> _TASK STATEMENT_: Only the lines from the one containing "エミーグランデ<ハーブス>でかわいい小花のコサージュを編みました★" through the end of the entries should be returned, exactly as they are, with the pictures omitted.

[Stored items from a collection]
☆ ☆ ☆ ☆ ☆ ☆ ☆
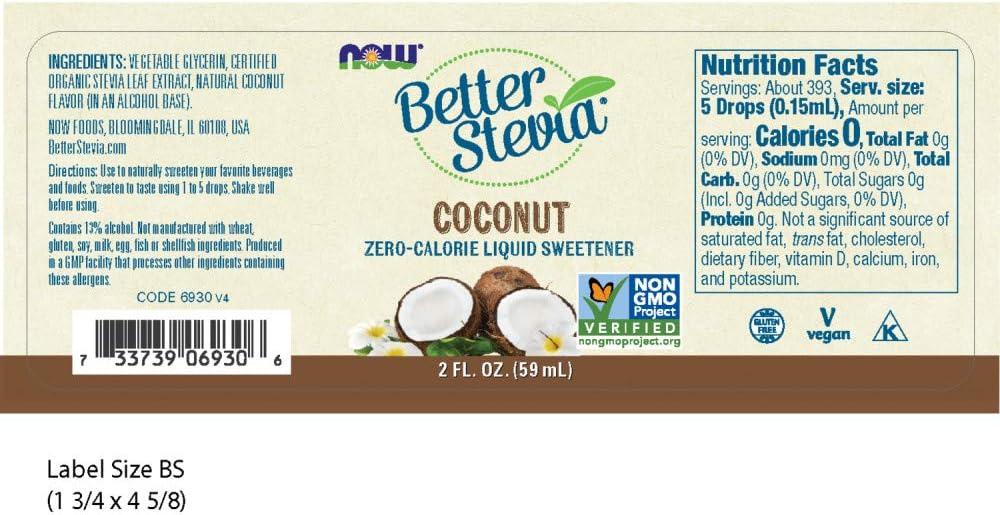 NOW Foods BetterStevia Coconut Zero-Calorie Liquid Sweetener, Keto Friendly, Suitable for Diabetics, No Erythritol, 2-Ounce(Coconut)
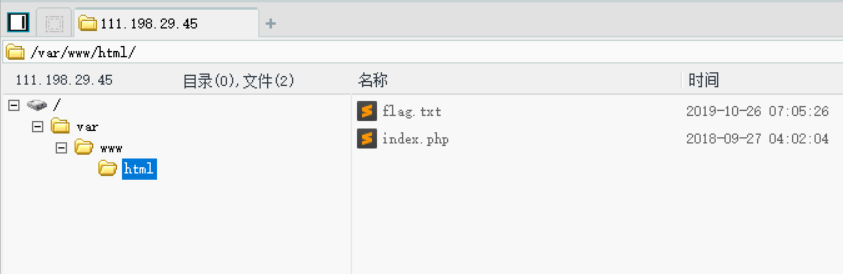 中国菜刀去连接,发现在index.php的同一个目录下面有一个flag.txt文件。
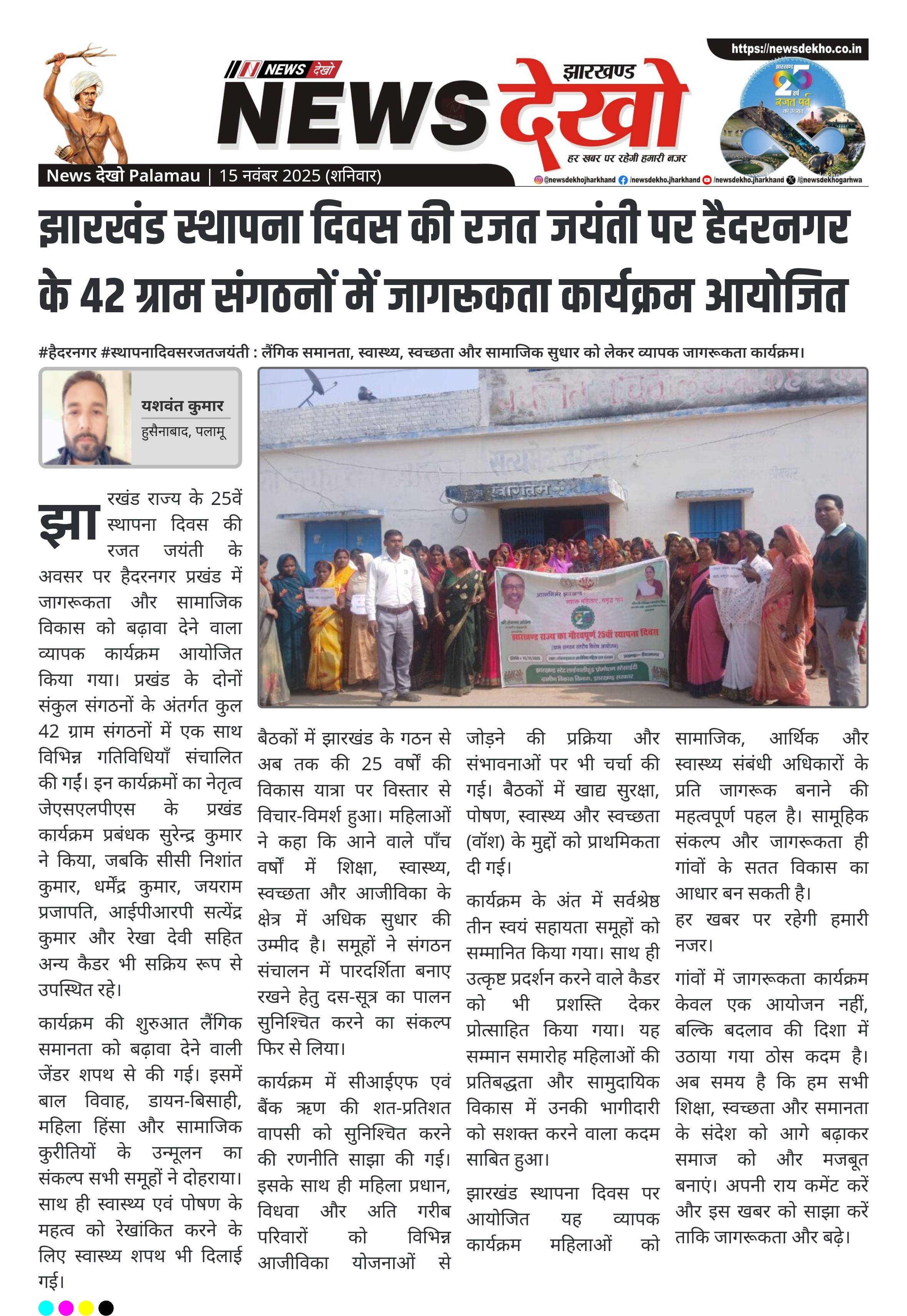 झारखंड स्थापना दिवस की रजत जयंती पर हैदरनगर के 42 ग्राम संगठनों में जागरूकता कार्यक्रम आयोजित
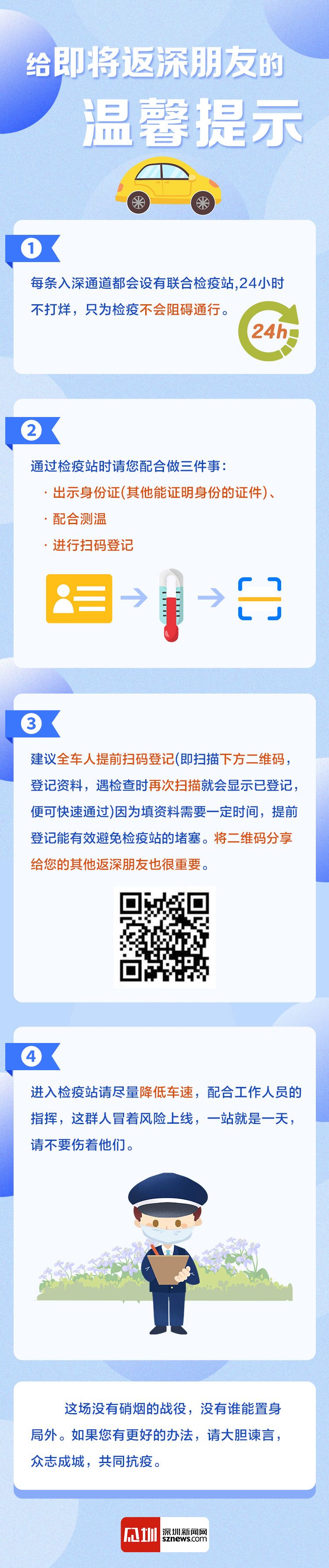 深圳交警提醒市民,提前申報應(yīng)原則上提前一天完成,但提前越早越好,通行檢疫點更快速。因為全市所有入深道路的防疫檢查站都必須對車輛上的人員進(jìn)行體溫檢測,為避免耽誤行程,提前預(yù)約報備能讓通過流程更快捷。
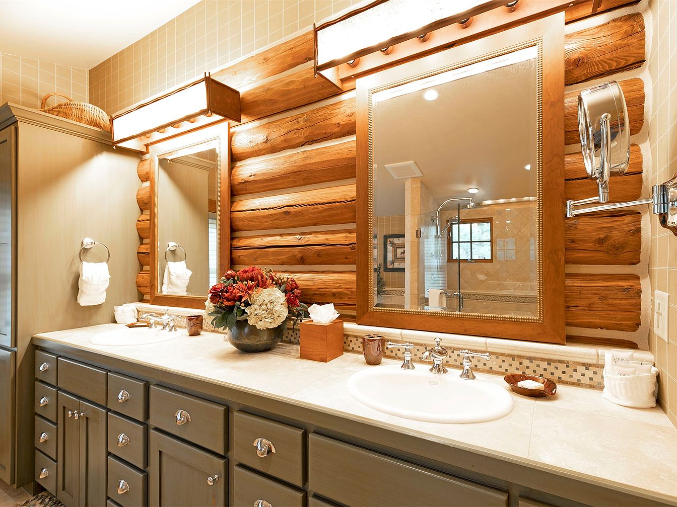 This inviting bathroom showcases a combination of rustic charm and modern convenience. A dual-sink vanity with dark cabinetry is paired with a light stone countertop, offering ample space for family use. Above, framed mirrors reflect warm lighting, enhancing the cozy atmosphere created by the log wall accents. Thoughtful design includes attractive floral arrangements and neatly placed towels, ensuring practicality while adding aesthetic appeal. The soft color scheme combines earth tones with cream tiles, contributing to a tranquil environment. A glass shower enclosure neatly separates the bathing area, emphasizing the room’s contemporary features while maintaining a welcoming family-friendly vibe.
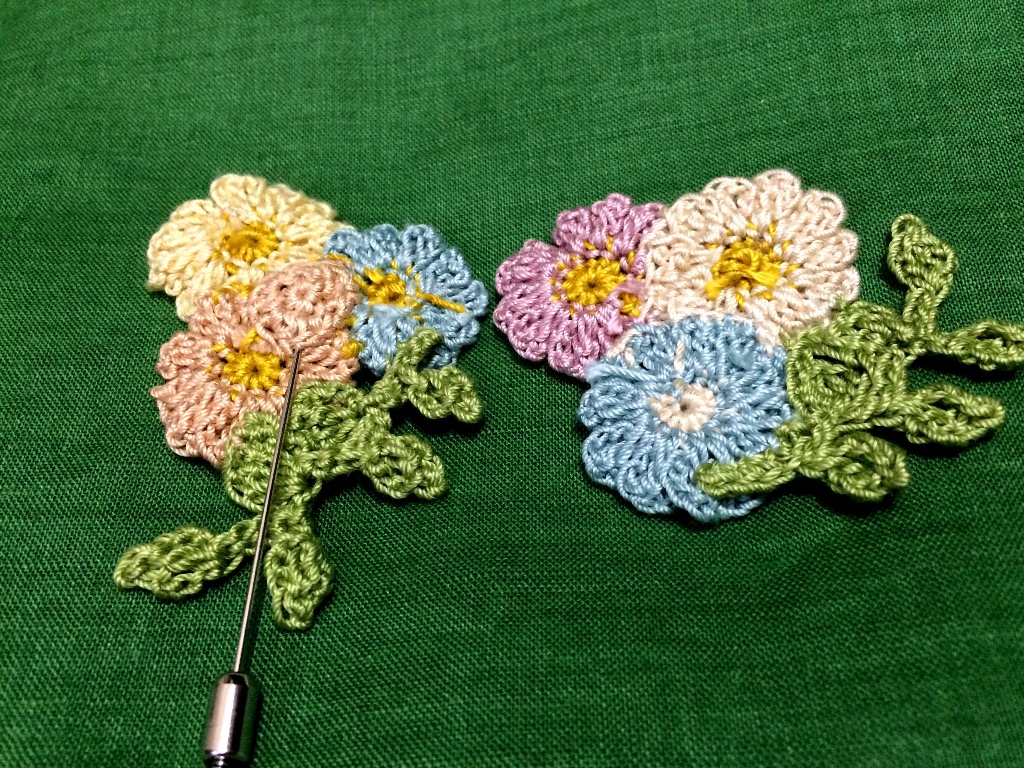 エミーグランデ<ハーブス>でかわいい小花のコサージュを編みました★
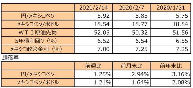 (注2)メキシコペソ/米ドルの騰落率はメキシコペソの対米ドルでの騰落率。
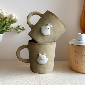 女の子向けの不規則な日本のレトロなコーヒーカップ、見栄えの良いウォーターカップ、家庭用セラミックマグ、大容量
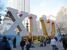 View of the monument from the southwest, with the Salesforce Tower in the background.
☆ ☆ ☆ ☆ ☆ ☆ ☆
> _TASK RESPONSE_:
 エミーグランデ<ハーブス>でかわいい小花のコサージュを編みました★
 (注2)メキシコペソ/米ドルの騰落率はメキシコペソの対米ドルでの騰落率。
 女の子向けの不規則な日本のレトロなコーヒーカップ、見栄えの良いウォーターカップ、家庭用セラミックマグ、大容量
 View of the monument from the southwest, with the Salesforce Tower in the background.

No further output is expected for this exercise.